What time do you typically log on?
- 4pm (3)
- 7pm (1)
- 10pm (2)
- 12am (5)
- 2am (8)
You’re in the pregame lobby, you say:
- “Sup -blam!-es?!?!” (4)
- “Raaaaaaaaaaaaaa--” (8)
- “How’s it goin’, fellas?” (1)
- Nothing. (5)
- “Quick, everyone hit Y to check out my rank!” (6)
You get in a Warthog and a gunner hops on, you:
- Find the quickest route off the map. (3)
- Go to the middle of the map to get as many kills as possible… in an objective gametype. (8)
- Fly, fly away. (6)
Need for Speed
- Park outside their base entrance and hit the magic button. (7)
You get stuck, you say:
- “That was sweet.” (1)
- “That is so BS man I know you’re hackin and I’m gonna hunt you down.” (5)
- “OMG HOST” (6)
- “EEEEEEEEEEEEEEEEEEEEEEEEE” (3)
- “Haha my sis — er, girlfriend thinks that was cool.” (2)
You stick someone, you say:
- “Oh snap, that’s goin in the montage!” (8)
- "That was nothing, you should see me when I’m sober” (2)
- “Oh man that was from on top of the map too!” (6)
- “Haha maybe if you were moving it’d be harder!” (7)
- “Oh dude I stuck you so hard in the –blam!-” (4)
You hate Waterworks, but it comes up in matchmaking, you:
- Quit. (1)
- Quit, but not before killing a teammate or two. (3)
- Try to convince your team to stay by telling them that their pistols fire tank rounds. (6)
- Follow the one teammate that stays whispering to them your affection for their mom. (4)
- Kill the norb in front of you to get the banshee so you can fly off to grab the rockets and sniper. (8)
The game is over, you won. You say:
- “Don’t bother; we’ll just delete the feedback anyways.” (7)
- “-blam!- you! You –blam!-ing –blam!-ers! I will shove my –blam!-ing- blam!- in your –blam!-” (4)
- You sing
We are the Champions
- “Good game.” (1)
- “They can take away my Xbox, but they’ll never take… MY STAAAAAATS!” (3)
You are banned from matchmaking for cheating, you:
- Play split screen with yourself until the ban is up so that your parents don’t catch on. (3)
- Email Bungie a poorly-written legal threat. (6)
- Swear vengeance upon Bungie but only get so far as sending Shishka hate-mail. (5)
- Set off to find another 2 month. (7)
- Try to PM Frankie because you’ve been telling everyone how tight you two are for so long that you’ve forgotten it’s all a sham. (2)
You get killed when someone blows the fusion cores by the sniper rifle on Lockout, you say:
- “You n00b! That’s such a n00b thing to do. I’ll 1v1 you!” (8)
- “That is lame, man. I’m gonna go pop my collar and hang out at the nearest 7-eleven.” (2)
- “That’s such BS man I’m gonna ream you so hard.” (4)
- “lawl” (1)
- “ZOMG he just killed me without shooting me, you modding son of a -blam!-, throw down. I will punch you in the throat.” (5)
Someone snags the rockets then gets in the banshee on Ascension, you:
- Equate him or her to a female dog every time you’re within earshot. (8)
- Fire your pistol at him… he dies. (6)
- Wear it down with SMGs. (1)
- Wait until his banshee’s pointing down, when suddenly everything fades to blue... for them (7)

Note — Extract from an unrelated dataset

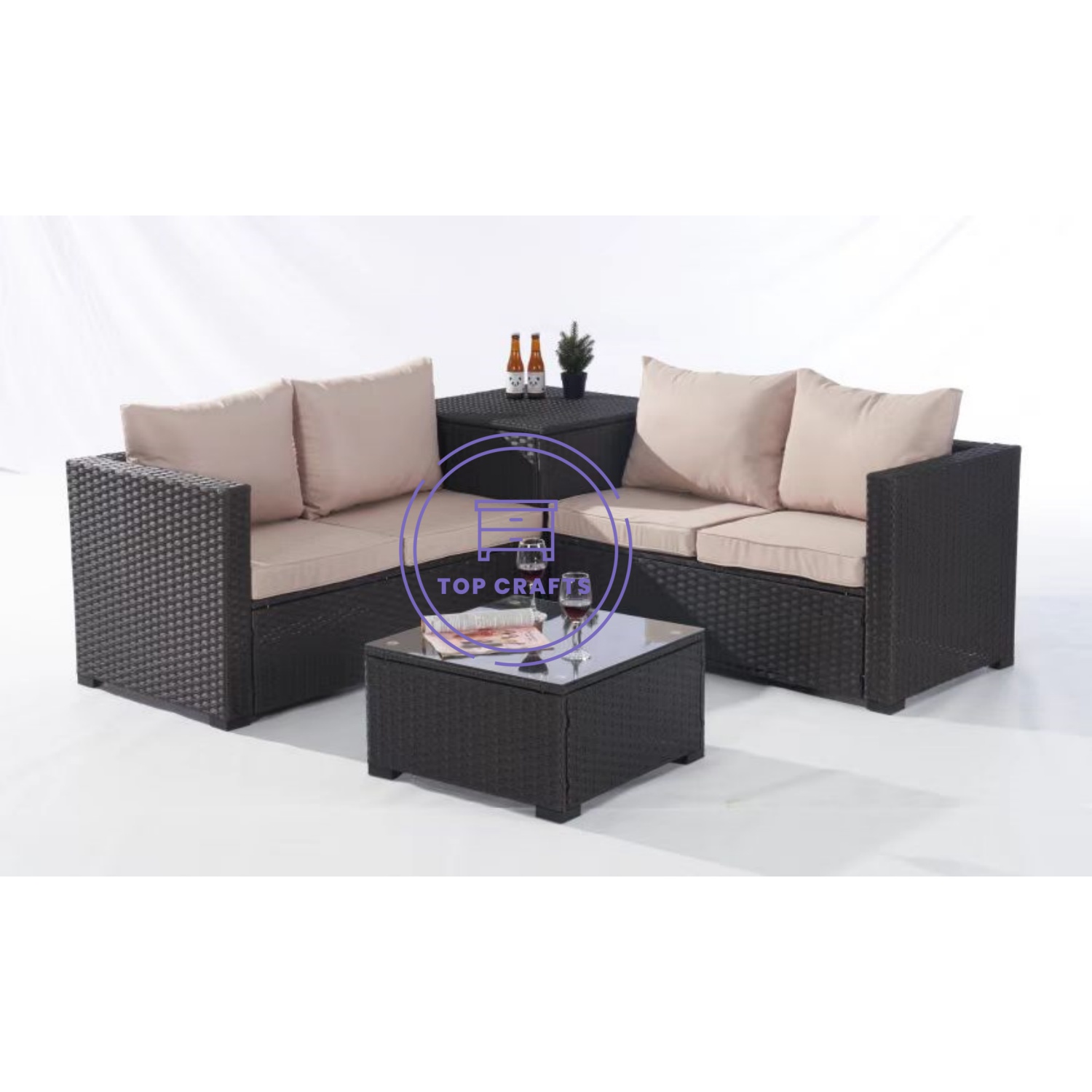 4 PCS SECTIONAL SOFA SET WITH STORAGE BOX. THE CUSHIONS CAN BE STORED INTO THE BOX AFTER USAGE. KD DESIGN. EACH SET INTO 2 CARTONS. 145 SETS/ 40HQ.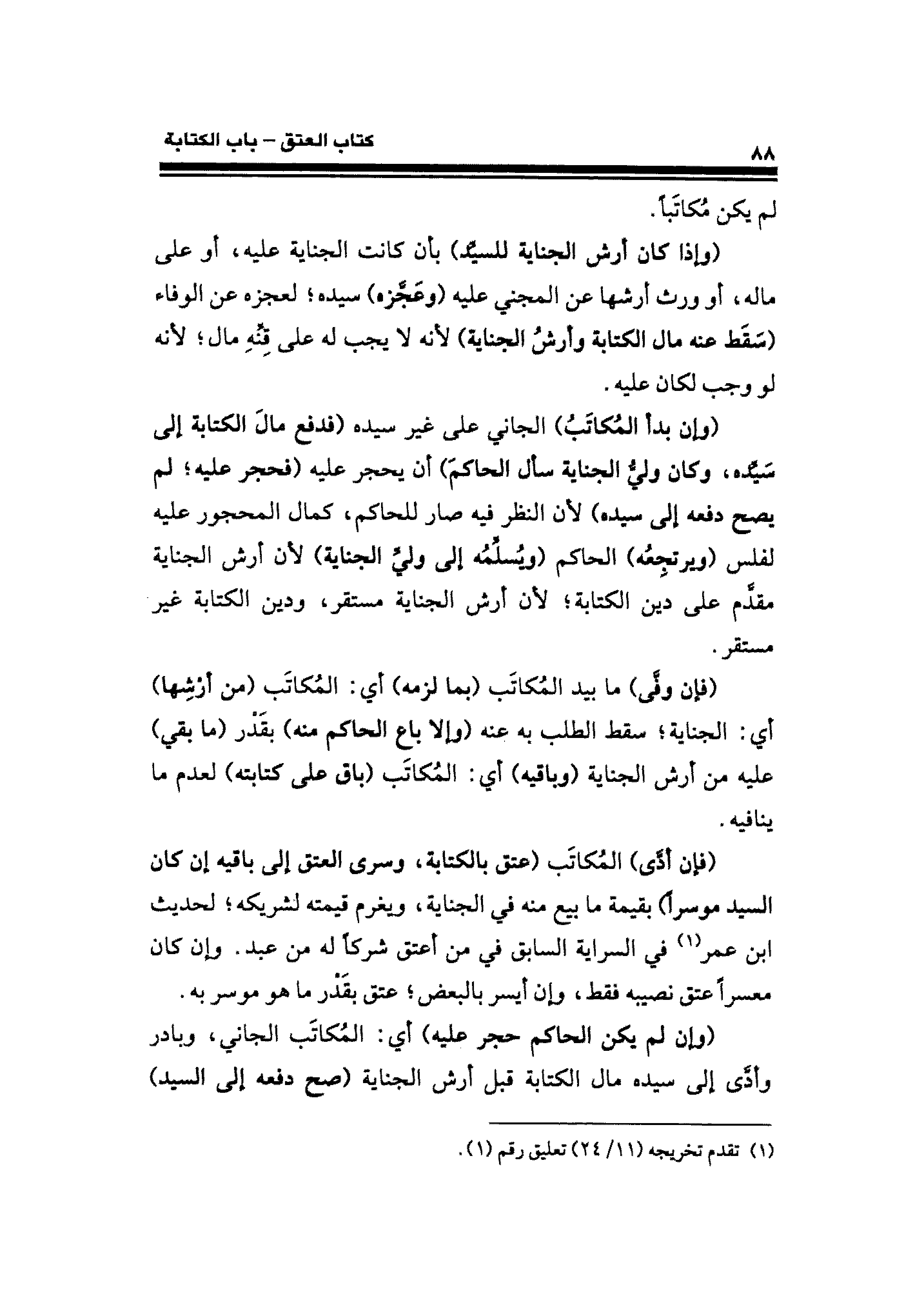 (وإن بدأ المكاتبُ) الجاني على غير سيده (فدفع مال الكتابة إلى سيده، وكان وليُّ الجناية سأل الحاكمَ) أن يحجر عليه (فحجر عليه؛ لم يصح دفعه إلى سيده) لأن النظر فيه صار للحكم، كمال المحجور عليه لفلس (ويرتجعُه) الحاكم (ويُسلِّمُه إلى وليِّ الجنابة) لأن أرش الجناية مقدم على دين الكتابة؛ لأن أرش الجناية مستقر، ودين الكتابة غير مستقر.

Now, you should have added up all ten numbers as you went along. Divide that number by 10 and round to the nearest whole number. It should be 1-8, if it’s not, you fail at the maths. Compare your score to the key, the number you have is the gamer you are.
Here’s the key:
3. Ballus Non-Dropus
4. The Angry Psycho
5. The Aggro
6. The Modder
7. Host Hax ‘R Us
8. The Faux Pro
While the quiz is functional, it is obviously in no way accurate and entirely for entertainment value. This whole thing is just for fun so don't flip out if it turns out that my quiz says you're a jerk. You may not be. But you probably are.